We have all experienced this feeling at a point in time. Being lost is part of our life journey, is a necessity in our initiatic trajectory to discovering our life purpose.
What makes my journey worth being laid out on paper, is the turning point in which, being lost, has become a choice, a choice that gifted me unthinkable experiences, breathtaking views, mind gripping stories, and an addiction I don’t want to be cured of.
As many, I have been cruising trough life, without having a clue if I am heading anywhere or if I even belong to any specific place. I just left myself carried by the waves of destiny, hopping that someday, I will be stroked by an “Eureka” moment and have my life set up, my life-goals bullet-pointed, and my road laid out in front of my sore feet, ready to GO.

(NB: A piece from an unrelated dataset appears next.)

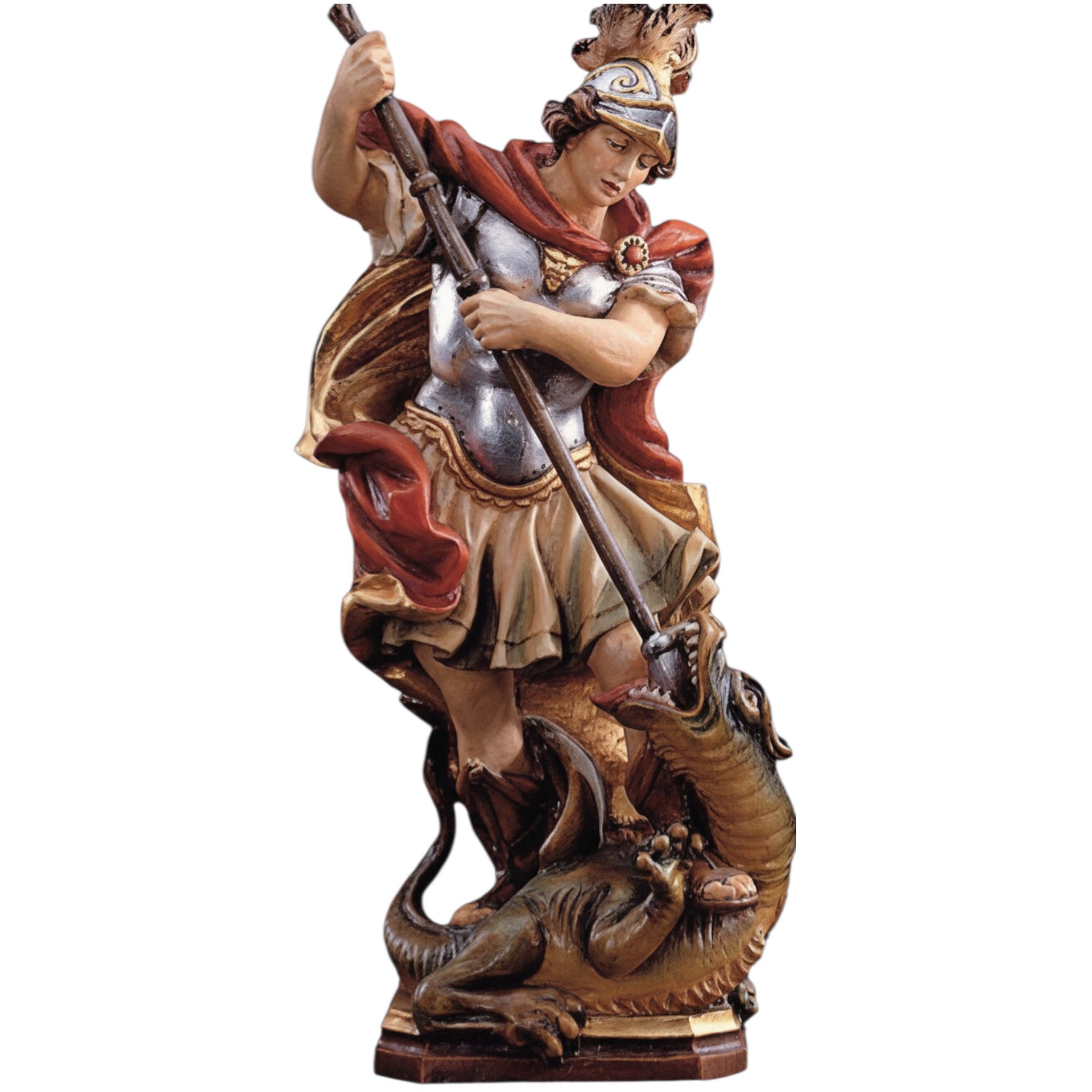 Hl. Georg der Drachentöter kunstvoll und detailreich aus Ahorn oder Lindenholz geschnitzt. Sie können die verschiedenen Oberflächen - Ausführungen der Figur sowie die Größen auswählen. Diese Holzfigur ist kurzfristig lieferbar. Holzfiguren bis zu einer Größe von 39 cm weden aus Bergahorn geschnitzt, ab 40 cm werden Figuren aus den weicheren Lindenholz geschnitzt und müssen aufwendiger nachgeschnitzt werden. Heiligenfiguren und Holzschnitzereien werden auch heute noch nach traditionellen Techniken hergestellt . Alle Figuren werden maschienell vorgefräst und von Hand nachgearbeitet. Nur so können die Figuren bezahlbar produziert werden. Bemalte Holzfiguren werden mit hochwertigen Ölfarben von Hand veredelt und teilweise mit Blattgold belegt. Gerne fertigen wir für Sie einen Sockel mit Wunschgravur

But I waited and waited, and waited some more, until the muddy, agitated waters of my life, forced me to swim. I was still lost, I didn’t knew where I am heading, but at least, I was going somewhere; And somewhere is always better than nowhere!
I swam and swam, the wave were still rough, but the water became clearer, until the point in which I could see around myself. For the first time in years I forgot to pity myself and payed attention at my surroundings.
Was then when I realized that even though I may possibly not be able to shout “Land” anytime soon, at least I can enjoy a good snorkeling.
The same place I was drowning myself into, was now the paradise which was injecting its beauty trough my veins.
This is how, three years ago, I decided to dismiss the fact that I have to reach anywhere, and decided to ” Remain Lost”
Lost in a flavored pot of Humanity and Culture; Lost in my own discoveries!!